Smoking Guns in the Bushes of Justice

February 6th, 2009

by Glynn Wilson

We have known all along that the smoking gun was hiding somewhere, nestled down in between the cracks of all the ongoing probes of the Bush Justice Department. In fact we have known that there are way more than one smoking gun hiding in the bushes behind the misdeeds of George W. Bush’s White House — and that Karl Rove’s fingerprints are, without a doubt, all over them.

There are a few more smoking guns to chase down before we are through, all of us dedicated to disclosing the worst crimes of the Bush administration, that is, before the cowboys all ride into the sunset back to Texas.

There are still e-mail servers to chase and hidden documents to go after, material no one’s even thought to stick their noses into, yet.

But if you look closely at a couple of largely ignored reports from two of the hardest working investigative reporters digging into these stories, one of the smoking guns is right in front of our faces.

Jason Leopold with his fairly new investigative reporting site The Public Record has unearthed one of the guns, while Wayne Madsen on his proprietary Wayne Madsen Report is handling the smoke (no link available).

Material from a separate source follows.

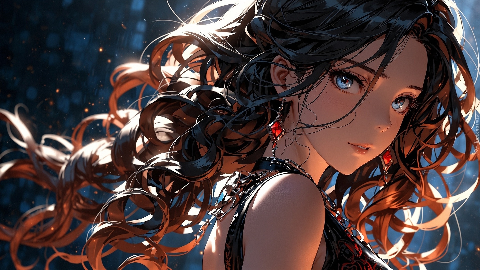 Edytor tapety: Niebieskooka dziewczyna z długimi kręconymi włosami w anime
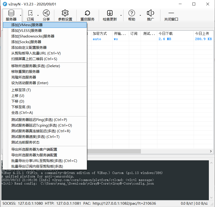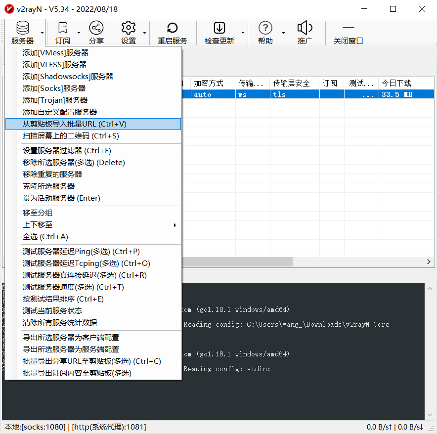 复制VMess URL地址,点击服务器菜单 -> 从剪切板导入批量URL

Leopold is now reporting that the chief of staff to former Attorney General Alberto Gonzales, Kyle Sampson, has been cooperating with special prosecutor Nora Dannehy by providing “damaging information” on meetings and conversations between Gonzalez and former Bush political adviser Karl Rove showing direct political involvement in the decisions to fire U.S. attorneys around the country.

Sampson is said to have provided Dannehy with an important piece of evidence that bolstered her case against Gonzales: the former Attorney General was aware of and helped create a list of federal prosecutors to fire.

The list is the gun.

Gonzales testified under oath before Congress in April 2007 that he played no role in creating such a list, telling Jeff Sessions, Alabama’s junior Republican senator:

“I have searched my memory. I have no recollection of the meeting…. I don’t remember the contents of this meeting.”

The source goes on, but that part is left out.